Welcome Back: Kamelot

Pure heavy metal, the kind with melody front and centre, and the sort with actual singing, not growls, shrieks or whatever noises Mike Patton is making this week, often gets pigeonholed as having ludicrous lyrics about, like, dragons and stuff. Luckily, the reliably excellent Kamelot not only live up to such expectations with shameless aplomb, but are in the habit of doing it rather well indeed.

The Florida-based, multinational metallers are equally happy to embrace grand literary concepts (they did do a two-album cycle based around Faust and Mephisto), philosophical contemplation, or discuss more tangible real-world subjects./o:p

“What we always try to convey is emotion,” says founder and guitarist Thomas Youngblood, discussing the band’s new album, Haven. “Lyrically, we want to show different parts of life – the dark side of life, for example – but also my goal is always to have some element of hope, where you feel good at the end. We have songs like Veil Of Elysium, which is very uplifting, but then we have a song like Here’s To The Fall, which is super melancholic. So we want to bring the fans through all these emotions, not only musically but also lyrically.

“On Haven, there is this rebellion thread going through the record. We’ve been talking a lot about, for example, technology, corporations, Big Brother government… all these kinds of things. We wanted to bring this album more into the present and future.”
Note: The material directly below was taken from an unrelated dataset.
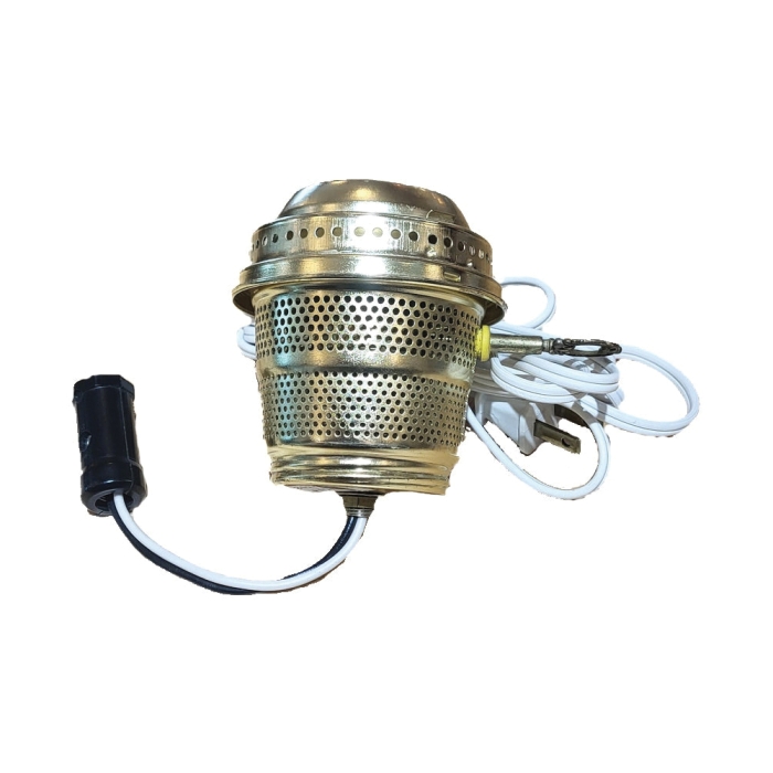 Solid Brass Electrified Burner* designed to fit Aladdin® Brand lamps and many B & P Lamp Supply lamps, assembled with U.L. listed components. 2" coarse thread base will fit most glass model lamps. Accepts a 2 5/8" regular or twist lock chimney. 6 ft. cord.

Despite the “rebellion thread”, Kamelot have never been ones to radically and totally reinvent the wheel, but they have always pushed themselves – when Dimmu Borgir vocalist Shagrath guested on The Black Halo in 2005, it was an almost-unheard-of cameo for such a melodically inclined band.

But, while many bands often pretend they don’t care about any opinions but their own, Kamelot do at least consider the opinions of others after satisfying their own creative demands.
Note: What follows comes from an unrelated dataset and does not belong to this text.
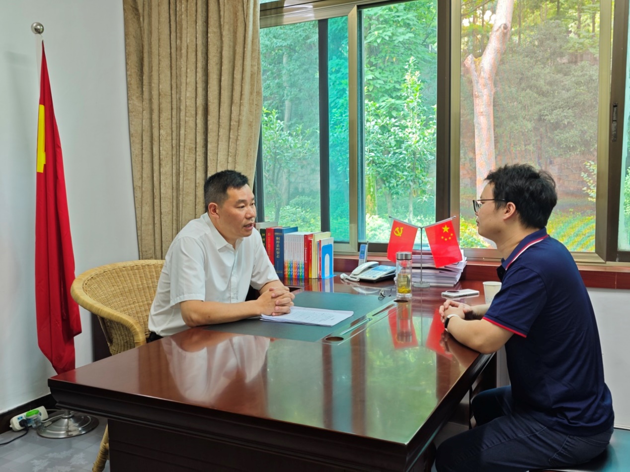 ▲太阳成tyc122cc集团硕士生刘洪驿访谈桐梓县燎原镇党委书记梁勇
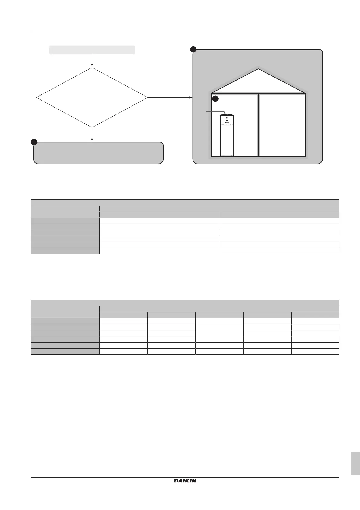 • For intermediate refrigerant charges, use the row with the higher value. Example: If the refrigerant charge is 4.3kg, use the row of 4.5kg.

“When you go to a Kamelot show – for example, we just played in London recently [the band sold out London’s Forum] – there you’ll see [everything] from the 14-year-old goth girl to the 50-year-old prog guy with a Rush shirt,” Thomas explains.
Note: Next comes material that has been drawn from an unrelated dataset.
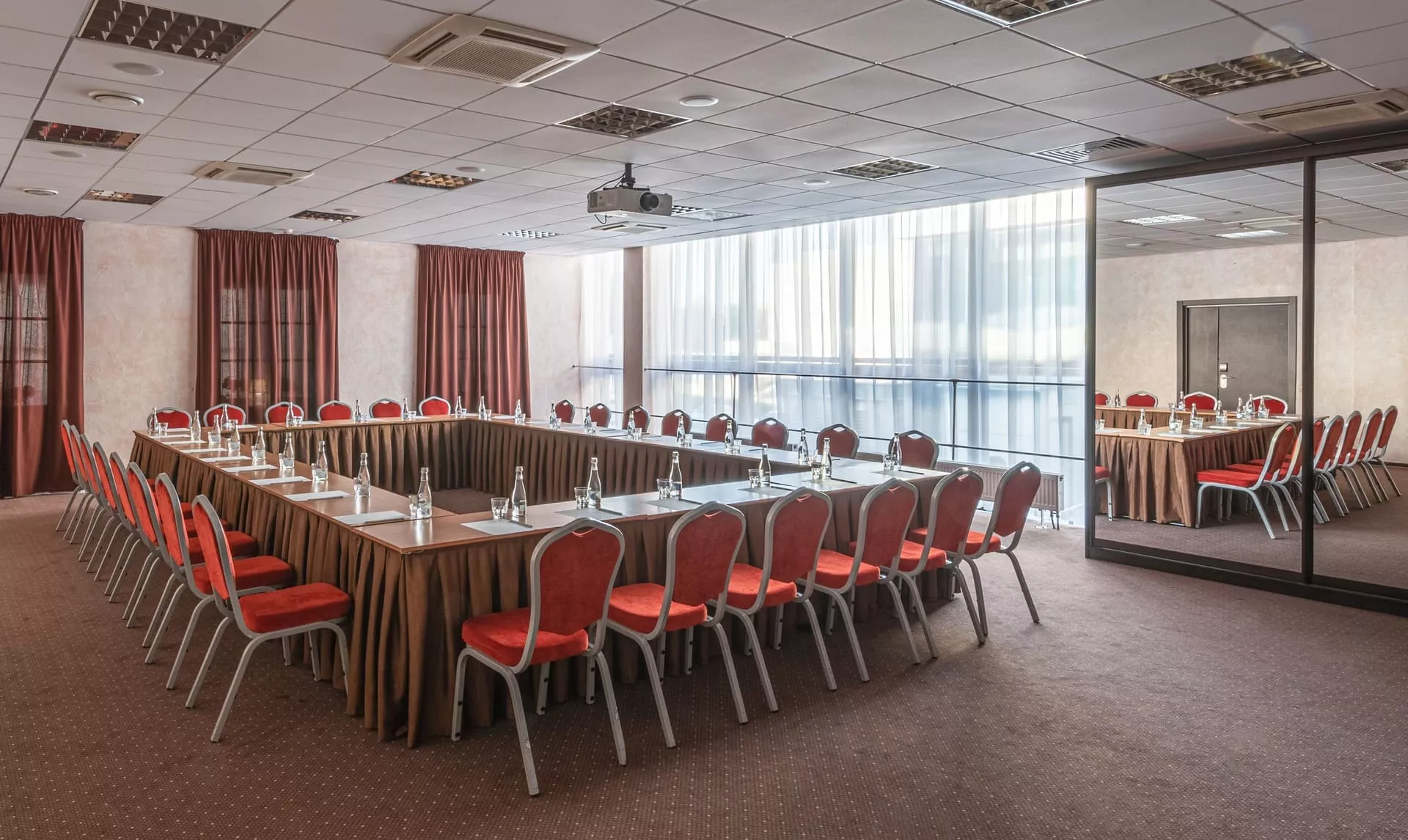Зал делится звуконепроницаемой перегородкой

“There’s a lot of diversity within our fanbase, which is a blessing, so we have a lot more leeway than others to do different things. I always think first, ‘Do I like it myself?’ and then I do go back and think about the fans. I would never be one of those people to say, ‘I don’t care what the fans think’ because I think it’s crazy to say something like that. They’re the ones that are coming to the shows and buying the albums, and you have to think about that!”